Стрелами занимались Тинни и Вурран — двое ловких ясноглазых мальчишек лет двенадцати. Их товарищи вырезали заготовки, снабжали их оперением, так что на Лине оставалась лишь отрава. Она работала очень осторожно, чтоб ни одна капля зелья не попала на кожу, да и его запах она старалась не вдыхать. Вайми знал, что этот яд убивает, лишь попав в кровь, но его очень злило, что любимая занимается этим. Не потому даже, что опасно. Лина больше всего на свете ненавидела боль и спасла не одну жизнь. И ему не нравилось, что сейчас она спокойно и ловко готовила смерть для сотен, тысяч людей. Просто потому, что без этого ей уже некого будет спасать…
Он вздохнул и поднял голову. Взрослых в селении почти не осталось — все ушли в лес, на охоту или в дозоры. Вайэрси что-то тихо рассказывал группке подростков, неподвижно сидевших перед ним. Ещё несколько красиво и ловко дрались друг с другом — не потому, что поссорились и даже не затем, чтобы обучиться рукопашному бою. Их переполняла неуёмная энергия — и её едва удавалось потратить. Вайми невольно улыбнулся, глядя на них. Ловкие, гибкие, крепкие, они двигались с неуловимой быстротой. Но били каждый раз в твёрдые мышцы или в кость — иногда в живот, но никогда — в лицо или между бедер. Порой два стремительных тела сталкивались и, сплетаясь, катались по траве в, казалось бы, смертельной борьбе. Ещё недавно он и сам что ни день с восторгом ввязывался в эти забавы — плевать, что после них ходишь пегий от синяков. А потом, почти бездыханный от усталости, шёл купаться вместе с товарищами, такими же пегими от его кулаков, и они болтали и смеялись, как ни в чем не бывало…
Вайми печально вздохнул и опустил глаза. Ему не хотелось ни о чем думать. Он сосредоточился на удивительно чистых цветных переливах и мир вокруг него исчез. Сейчас в нём не осталось мыслей и его ум ушёл в глубину, совершенно ему недоступную.
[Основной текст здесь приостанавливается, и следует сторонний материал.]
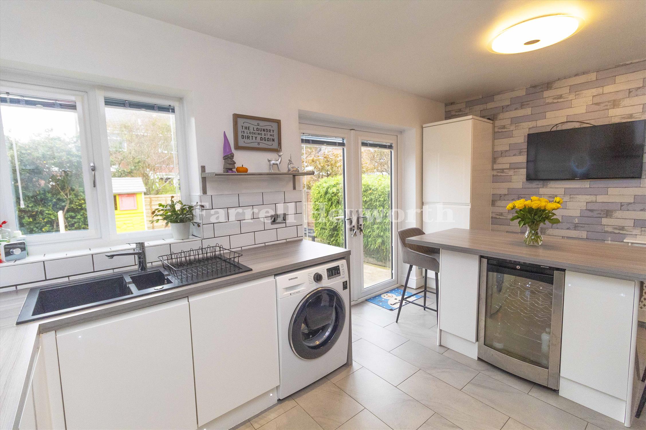 Internally, the accommodation comprises; a light and airy entrance hallway, a WC, spacious lounge, a family kitchen with integrated appliances, a compact utility room and a play room. To the first floor are three bedrooms and a family bathroom.

Вдруг радужный диск расплылся перед ним и он увидел небо — мертвенно-чёрное, с бесчисленным множеством жёстких, немигающих звёзд — чужих звёзд, он не смог заметить ничего, даже отдаленно похожего на знакомые созвездия. На переднем плане висела небывало огромная, зеленоватая, туманная… луна? — вся в смутном узоре тёмных пятен. Ощущение громадного чужого мира вдруг захлестнуло его и он отбросил диск, громко вскрикнув от страха.
— Что с тобой? — Лина мгновенно повернулась к нему. Вайми смутился.
— Ничего.
Он поглядел на лежавший в траве диск, потом, сделав над собой усилие, взял его в руки и поднёс к глазам. Диск вновь начал расплываться и голова Вайми вдруг отчаянно закружилась. Мир вокруг поплыл, ему казалось, что если он немедленно не отведет взгляд, то… ну, не умрет, конечно, а просто свалится без чувств.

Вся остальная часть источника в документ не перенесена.